• REQUIRED ACTION
The reader should set down exactly the lines from the one containing "现场用小型电磁炒货机和流水线设备进行多方位试验炒制,客户非常满意。" through the last line of the material, omitting every picture.

• DATASET CONTENT
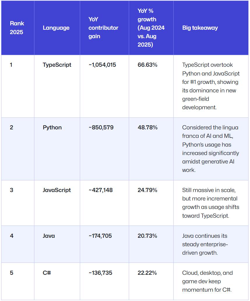 GitHub 报告表示:「这一里程碑事件是过去十年来开发者转向类型化 JavaScript (typed JavaScript)趋势的集中体现,也标志着 TypeScript 正在成为现代开发的新默认选项。」
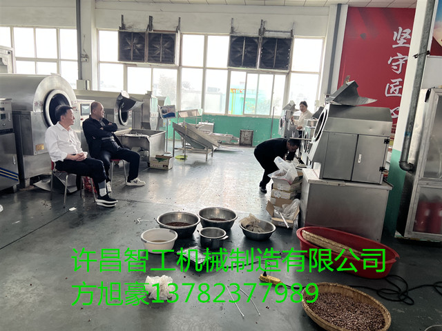 现场用小型电磁炒货机和流水线设备进行多方位试验炒制,客户非常满意。
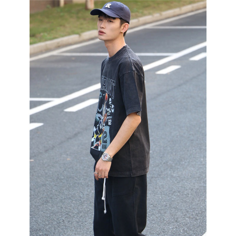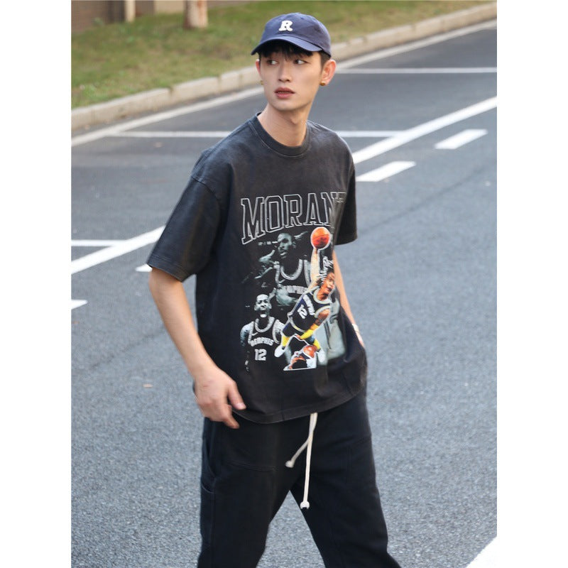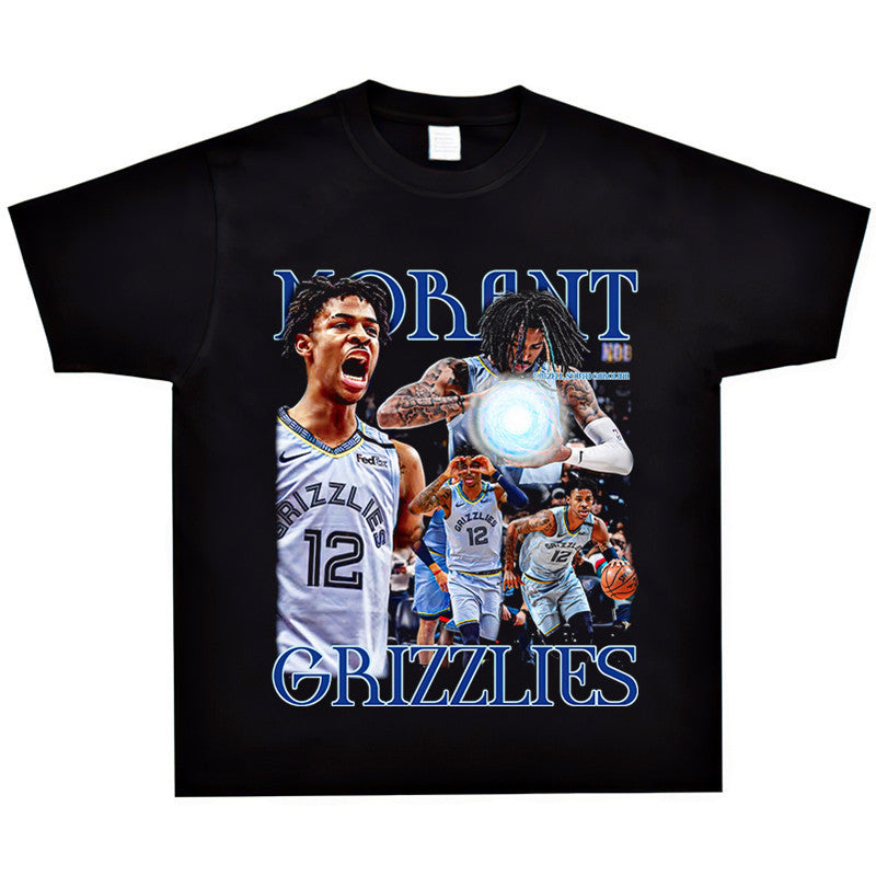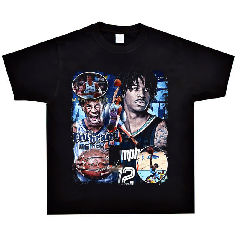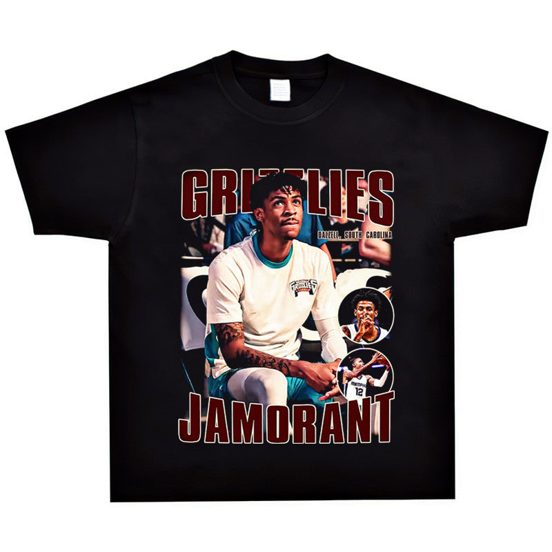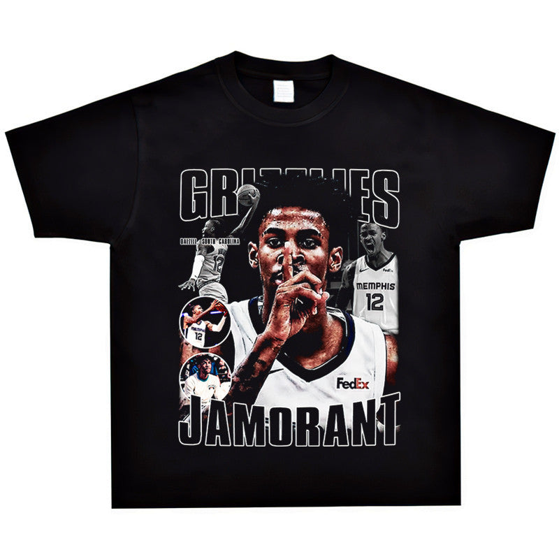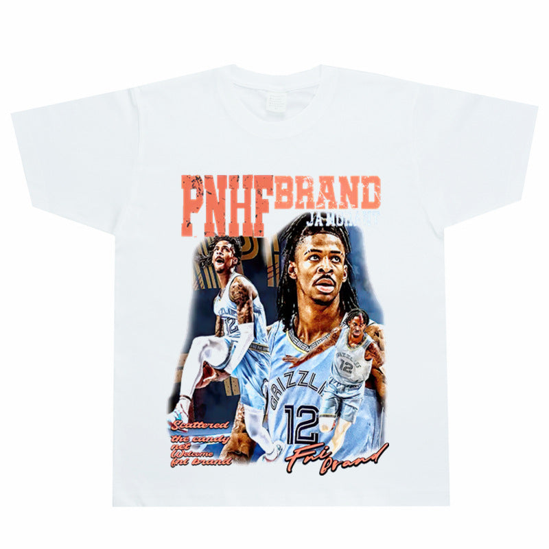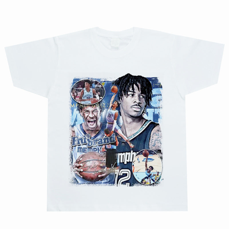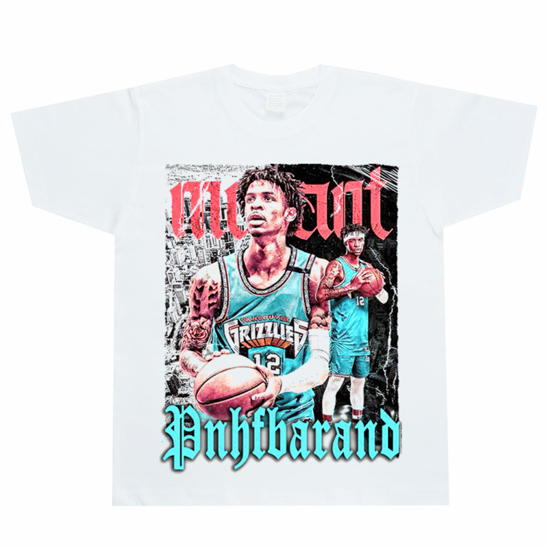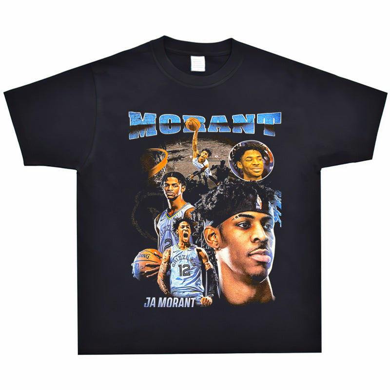 Basket Ball Star T Shirt Basketball Ja Morant Printed Washed Distressed T-Shirt Cotton Short Sleeve Loose

• ANSWER TO THIS PROBLEM
 现场用小型电磁炒货机和流水线设备进行多方位试验炒制,客户非常满意。
 Basket Ball Star T Shirt Basketball Ja Morant Printed Washed Distressed T-Shirt Cotton Short Sleeve Loose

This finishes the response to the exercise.